**Brief**
Each line in the material below, starting at the one that contains "Receptacle, Connection Orientation" and ending at the one that contains "Die von Hanns-Peter", should be repeated exactly; the pictures should not.

**Supplied records**
• • • •

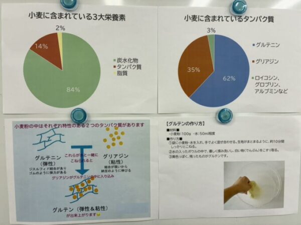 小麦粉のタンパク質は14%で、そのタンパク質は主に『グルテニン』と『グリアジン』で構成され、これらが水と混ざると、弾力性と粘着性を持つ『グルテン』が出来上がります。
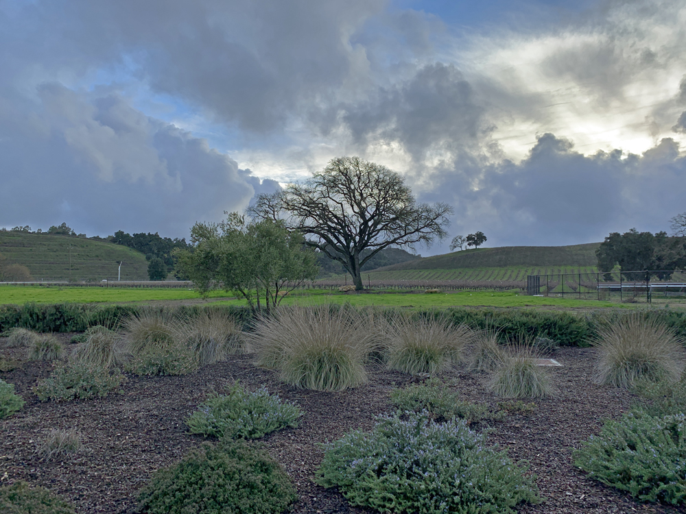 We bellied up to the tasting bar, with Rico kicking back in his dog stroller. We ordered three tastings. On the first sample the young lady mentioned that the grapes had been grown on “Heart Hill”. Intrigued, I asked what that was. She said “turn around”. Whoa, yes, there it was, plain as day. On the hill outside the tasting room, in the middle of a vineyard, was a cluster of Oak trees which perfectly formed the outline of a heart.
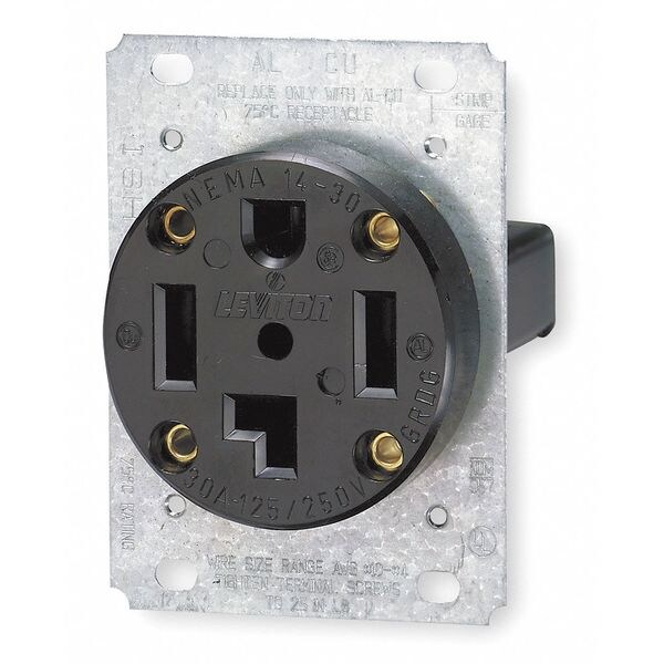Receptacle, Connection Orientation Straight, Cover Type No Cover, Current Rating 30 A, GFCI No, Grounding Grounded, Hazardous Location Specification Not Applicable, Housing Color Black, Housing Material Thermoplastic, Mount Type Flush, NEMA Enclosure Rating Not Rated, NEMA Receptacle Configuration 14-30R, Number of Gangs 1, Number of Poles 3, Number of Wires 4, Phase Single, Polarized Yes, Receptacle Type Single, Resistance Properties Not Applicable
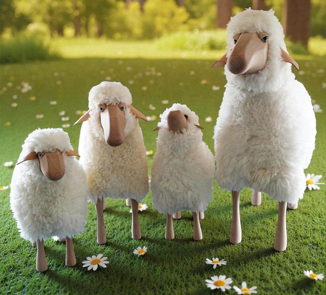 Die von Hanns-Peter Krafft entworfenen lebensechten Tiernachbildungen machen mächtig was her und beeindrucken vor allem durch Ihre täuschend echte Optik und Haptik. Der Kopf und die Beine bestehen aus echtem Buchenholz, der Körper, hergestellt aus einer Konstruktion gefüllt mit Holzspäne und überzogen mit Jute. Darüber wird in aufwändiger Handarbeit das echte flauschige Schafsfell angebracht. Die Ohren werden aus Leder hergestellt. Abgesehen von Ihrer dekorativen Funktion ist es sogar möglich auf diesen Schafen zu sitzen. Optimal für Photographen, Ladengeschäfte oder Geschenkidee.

• • • •

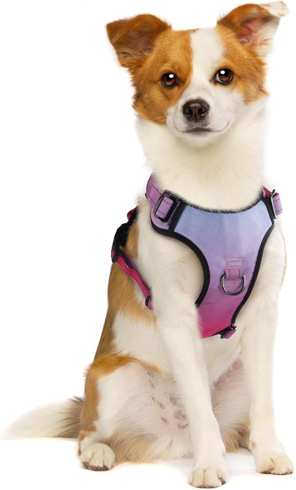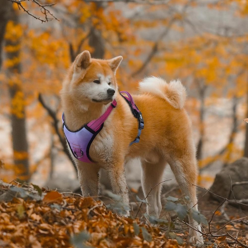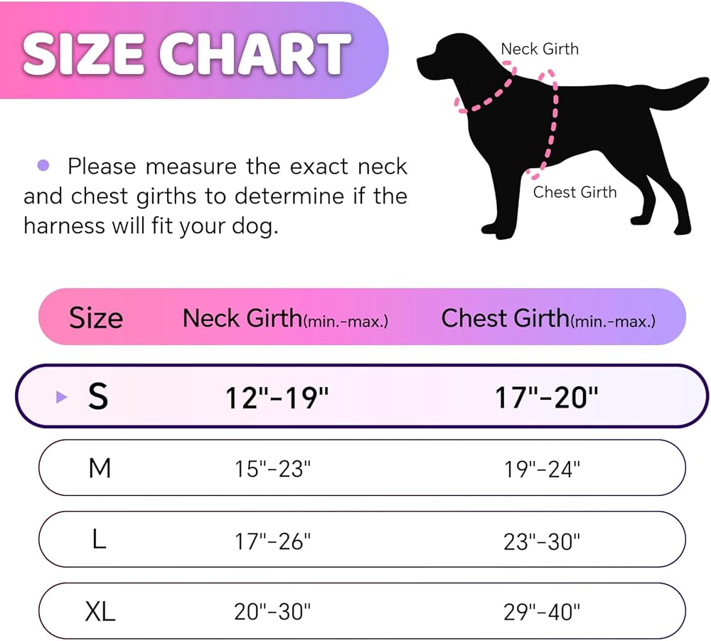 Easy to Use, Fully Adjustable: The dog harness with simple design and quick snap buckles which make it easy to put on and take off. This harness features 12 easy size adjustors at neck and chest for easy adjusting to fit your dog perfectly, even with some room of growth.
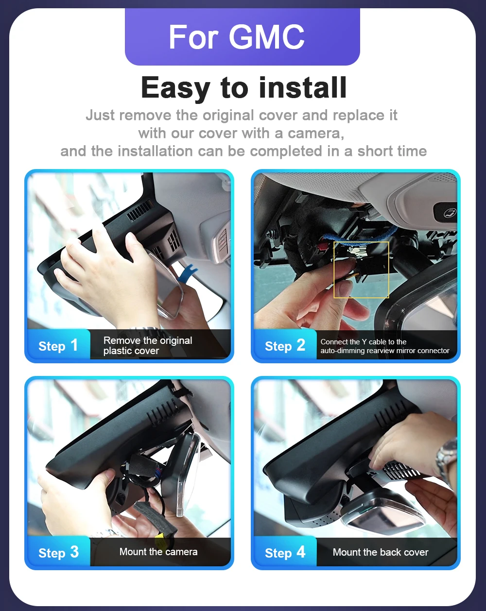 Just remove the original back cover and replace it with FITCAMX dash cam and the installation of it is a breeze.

• • • •

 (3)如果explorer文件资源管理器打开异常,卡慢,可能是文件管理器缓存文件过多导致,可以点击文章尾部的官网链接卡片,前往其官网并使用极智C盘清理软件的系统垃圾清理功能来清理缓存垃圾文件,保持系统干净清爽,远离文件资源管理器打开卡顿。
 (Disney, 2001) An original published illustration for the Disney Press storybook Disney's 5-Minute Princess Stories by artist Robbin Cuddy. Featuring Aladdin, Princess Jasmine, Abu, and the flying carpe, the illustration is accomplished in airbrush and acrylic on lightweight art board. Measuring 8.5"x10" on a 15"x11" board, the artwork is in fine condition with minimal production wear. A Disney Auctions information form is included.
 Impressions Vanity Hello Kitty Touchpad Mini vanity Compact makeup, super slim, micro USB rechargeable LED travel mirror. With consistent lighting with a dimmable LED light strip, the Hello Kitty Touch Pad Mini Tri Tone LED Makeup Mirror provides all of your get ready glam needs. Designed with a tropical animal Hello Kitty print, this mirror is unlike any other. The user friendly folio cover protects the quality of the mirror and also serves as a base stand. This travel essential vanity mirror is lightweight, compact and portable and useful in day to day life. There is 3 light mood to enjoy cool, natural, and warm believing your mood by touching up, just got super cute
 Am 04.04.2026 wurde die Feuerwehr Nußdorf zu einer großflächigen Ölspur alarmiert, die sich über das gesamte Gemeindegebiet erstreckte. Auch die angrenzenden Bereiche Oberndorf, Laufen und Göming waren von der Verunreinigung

• • • •

**Written answer**
Receptacle, Connection Orientation Straight, Cover Type No Cover, Current Rating 30 A, GFCI No, Grounding Grounded, Hazardous Location Specification Not Applicable, Housing Color Black, Housing Material Thermoplastic, Mount Type Flush, NEMA Enclosure Rating Not Rated, NEMA Receptacle Configuration 14-30R, Number of Gangs 1, Number of Poles 3, Number of Wires 4, Phase Single, Polarized Yes, Receptacle Type Single, Resistance Properties Not Applicable
 Die von Hanns-Peter Krafft entworfenen lebensechten Tiernachbildungen machen mächtig was her und beeindrucken vor allem durch Ihre täuschend echte Optik und Haptik. Der Kopf und die Beine bestehen aus echtem Buchenholz, der Körper, hergestellt aus einer Konstruktion gefüllt mit Holzspäne und überzogen mit Jute. Darüber wird in aufwändiger Handarbeit das echte flauschige Schafsfell angebracht. Die Ohren werden aus Leder hergestellt. Abgesehen von Ihrer dekorativen Funktion ist es sogar möglich auf diesen Schafen zu sitzen. Optimal für Photographen, Ladengeschäfte oder Geschenkidee.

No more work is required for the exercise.